Совершенно особой формой рыцарской фикции в целях политической рекламы были дуэли, на которые то и дело одни государи вызывали других, но которые в действительности так никогда и не происходили. Ранее я уже отмечал, что разногласие между отдельными государствами в XV в. воспринималось все еще как распря между партиями, как личная «querelle» [перебранка, тяжба] [9]. Такова «la querelle des Bourguignons» [«междоусобица бургиньонов»]. Что могло быть более естественным, чем поединок между двумя владетельными князьями? О желательности таких поединков заговаривают, касаясь политики, где-нибудь в вагоне поезда иной раз и в наши дни, И действительно, такое решение вопроса, удовлетворяющее как примитивному чувству справедливости, так и рыцарской фантазии, всегда казалось возможным. Когда читаешь о тщательнейших приготовлениях к тому или иному высокому поединку, спрашиваешь себя в недоумении, что же это все-таки было: изящная игра, сознательное притворство, поиски прекрасного в жизни — или же сиятельные противники на самом деле ждали настоящей схватки? Вне всякого сомнения, историографы того времени все это воспринимали всерьез, так же как и сами воинственные государи. В 1283 г. в Бордо все уже было устроено для поединка между Карлом Анжуйским и Петром Арагонским [3*] . В 1383 г. Ричард II поручает своему дяде Джону Ланкастеру вести переговоры о мире с королем Франции и в качестве наиболее подобающего решения предложить поединок между двумя монархами или же между Ричардом и его тремя дядьями, с одной стороны, и Карлом и его тремя дядьями — с другой [4* 10]. Монстреле в самом начале своей хроники много места отводит вызову короля Генриха ГУ Английского Людовиком Орлеанским [11]. Хамфри Глостер в 1425 г. получает вызов от Филиппа Доброго, способного как

 

 

никто взяться за эту светскую тему, используя средства, которые предоставляли ему его богатство и пристрастие к роскоши. Вызов со всей ясностью излагает мотив дуэли: «pour eviter effusion de sang chrestien et la destruction du peuple, dont en mon euer ay compacion», «que par mon corps sans plus ceste querelle soit menee a fin, sans y aller avant par voies de guerres, dont il conviendroit mains gentilz hommes et aultres, tant de vostre ost comme du mien, finer leurs jours piteusement» [12] [«дабы избежать пролития христианской крови и истребленья народа, к коему питаю я сострадание в своем сердце», «пусть плотию моею распре сей не медля положен будет конец, и да не ступит никто на стезю войны, где множество людей благородного звания, да и прочие, как из моего, так и из вашего войска, скончают жалостно дни свои»]. Все уже было готово для этой битвы: дорогое оружие и пышное платье для герцога, военное снаряжение для герольдов и свиты, шатры, штандарты и флаги, щедро украшенные изображениями гербов герцогских владений, андреевским крестом и огнивом. Филипп неустанно упражняется «tant en abstinence de sa bouche comme en prenant painne pour luy mettre en alainne» [13] [«как в умеренности своих уст, так и в обретении бодрости»]. Он ежедневно занимается фехтованием под руководством опытных мастеров в своем парке в Эдене [14], Счета рассказывают нам о произведенных затратах, и еще в 1460 г. в Лилле можно было видеть дорогой шатер, приготовленный по этому случаю [*5]. Однако из всей затеи так ничего и не вышло.

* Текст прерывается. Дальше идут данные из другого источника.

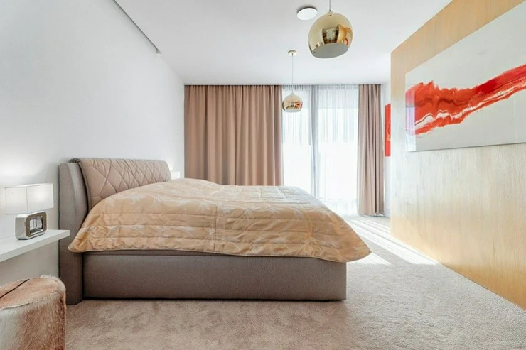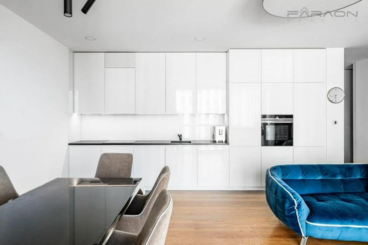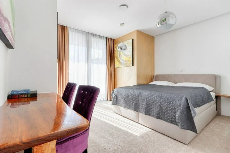The above-standard and completely complete equipment includes a luxurious Hanák kitchen unit in a white glossy design with all SIEMENS appliances, a Miele dishwasher, custom-made built-in wardrobes. Luxurious wooden oak floors in the living room with kitchen, carpets in the bedrooms, Carrara marble in the bathrooms and Villeroy and Boch fittings. Lighting throughout the apartment and remote-controlled exterior blinds. Dryer, washing machine.

Это не помешало Филиппу позднее, в споре с герцогом Саксонским из-за Люксембурга, вновь предложить поединок, а на празднестве в Лилле, когда ему уже было близко к шестидесяти, Филипп Добрый поклялся на кресте, что готов когда угодно один на один сразиться с Великим Туркой, если тот примет вызов [16]. Отзвук этой неугомонной воинственности слышится и в рассказе Банделло о том, как однажды Филиппа Доброго лишь с превеликим трудом удержали от поединка чести с дворянином, который был специально подослан, чтобы убить герцога [17].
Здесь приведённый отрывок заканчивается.